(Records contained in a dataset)
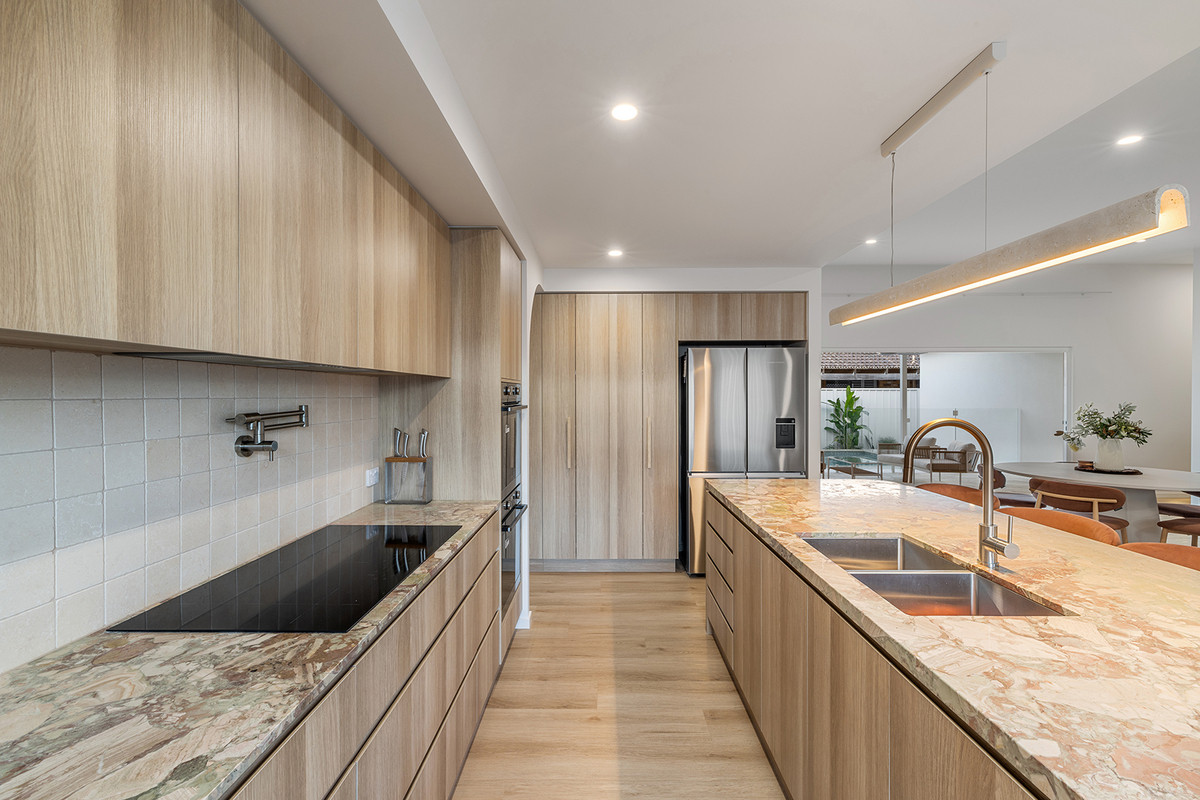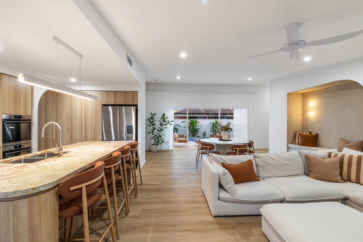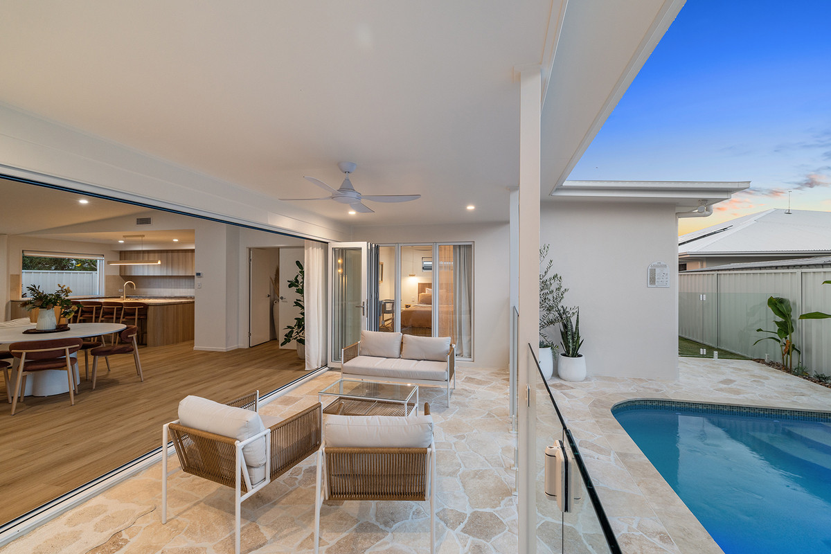 The design centres around connection and flow, with multiple living zones creating separation for families while maintaining a strong link to the outdoors. Coastal laminate timber flooring and striking natural stone elements bring a refined, enduring aesthetic, while ducted air conditioning ensures year-round comfort. The kitchen, complete with butler’s pantry features stunning natural stone benchtops and anchors the home, connecting seamlessly to the living and dining zones. The east-facing alfresco and pool area is a standout, finished with crazy pave travertine flooring and positioned to capture the morning sun, creating a private and inviting space to entertain or unwind. Whether as a primary residence, lock-and-leave weekender or holiday rental, the home offers flexibility that will appeal to both lifestyle buyers and savvy investors.
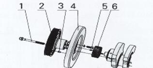 1、皮带轮螺栓 2、皮带轮 3、圆柱销 4、硅油减振器 5、螺栓(内六角螺钉) 6、曲轴正时齿轮
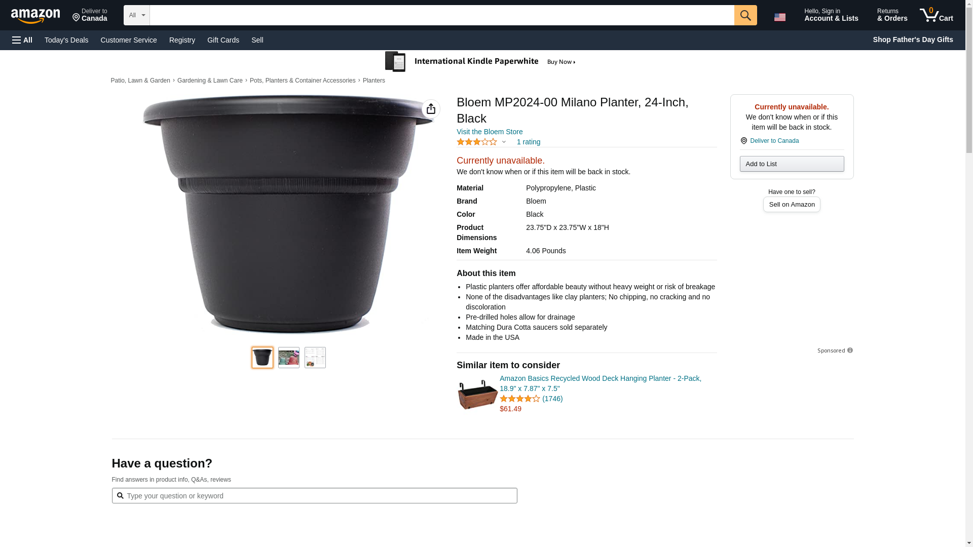 Bloem MP2024-00 Milano Planter, 24-Inch, Black
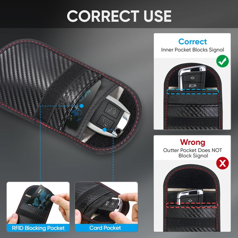 • CONVENIENCE The smaller/front pocket is anti-radiation, best for storing ID card, bank cards, etc. The larger/back pocket is for signal blocking, best for storing car key fobs
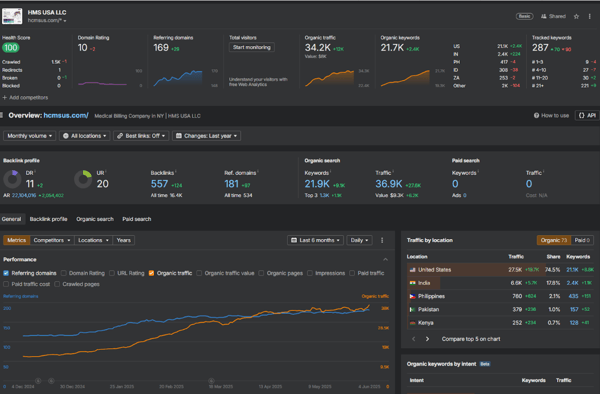 This strategy resulted in page-one rankings across multiple high-value healthcare keywords, with HMS now holding the #1 position for terms like “hypogonadism ICD 10,” “cataract surgery CPT code,” and “aetna timely filing limit 2024.” The improved rankings drove higher organic traffic, with top-performing pages now receiving hundreds of monthly visitors and positioning HMS as an authoritative source in healthcare billing and coding.

# [ASSIGNMENT]
Only the lines from the one containing "1、皮带轮螺栓 2、皮带轮 3、圆柱销" through the last line of the entries belong in the answer, given again exactly. Images stay out.

# [EXPECTED ANSWER]
 1、皮带轮螺栓 2、皮带轮 3、圆柱销 4、硅油减振器 5、螺栓(内六角螺钉) 6、曲轴正时齿轮
 Bloem MP2024-00 Milano Planter, 24-Inch, Black
 • CONVENIENCE The smaller/front pocket is anti-radiation, best for storing ID card, bank cards, etc. The larger/back pocket is for signal blocking, best for storing car key fobs
 This strategy resulted in page-one rankings across multiple high-value healthcare keywords, with HMS now holding the #1 position for terms like “hypogonadism ICD 10,” “cataract surgery CPT code,” and “aetna timely filing limit 2024.” The improved rankings drove higher organic traffic, with top-performing pages now receiving hundreds of monthly visitors and positioning HMS as an authoritative source in healthcare billing and coding.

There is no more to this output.